With this post, you’ll learn a bit about how to use Python’s map plotting library Basemap, managing datasets with Pandas, 3D plotting, and basic unsupervised machine learning.

You can find all the original files in my gitub repository Notebooks/Eagles here.

Enjoy!

The Data

We assembled a dataset (curated by Roman Sarrazin Gendron) that contains times and positions of 14 species around the world. In order to make this simpler if you want to follow along, I included a condensed version of the dataset since it is very large. Here’s the command in pandas I used to generate the condensed dataset. The condensed data is stored in a file called eagles_short.csv in this notebook’s directory. Let’s assume that the original data is in a file called eagles.csv.

import pandas as pd
df = pd.read_csv('eagles.csv')
df2 = df.sample(frac=0.1)
df2.to_csv('eagles_short.csv')

Ok so to start we’re going to have to import a couple of things.

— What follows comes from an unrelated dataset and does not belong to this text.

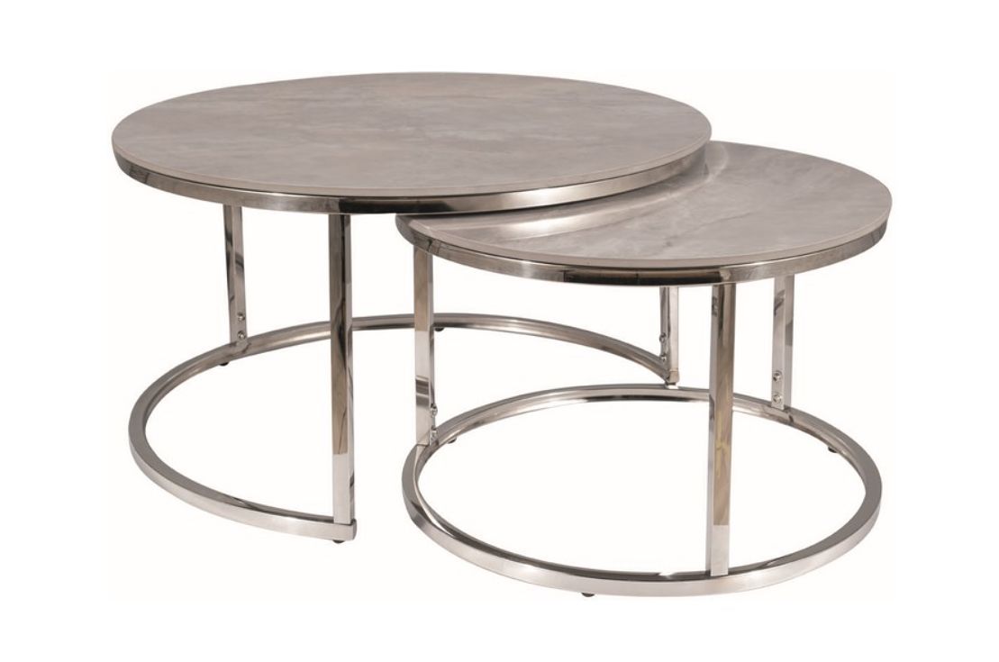 SET klub stolova Dimenzije Veći stol: 42x80 cm Manji stol: 38x60 cm Boja:sivi mramor, krom Materijal: keramika/nehrđajući čelik

import matplotlib.pyplot as plt
import matplotlib.cm as cm
from mpl_toolkits.mplot3d import Axes3D
from mpl_toolkits.basemap import Basemap
import numpy as np
import pandas as pd
import seaborn as sns
from collections import OrderedDict
from sklearn.cluster import KMeans
import seaborn as sns
import math
from scipy.spatial.distance import mahalanobis

%matplotlib inline

sns.set_style(style="white")
plt.rcParams['figure.figsize'] = 14, 12

Using Pandas we can easily load data from text files in various formats. In our case, the data is in csv format. Here, data is stored in rows with entries separated by columns. The first row is typically known as the header row and it contains labels for each of its corresponding columns. Pandas automatically reads these labels and lets you access the data by label when you load it. Let’s load the eagles_small.csv data into the main Pandas data structure known as a DataFrame.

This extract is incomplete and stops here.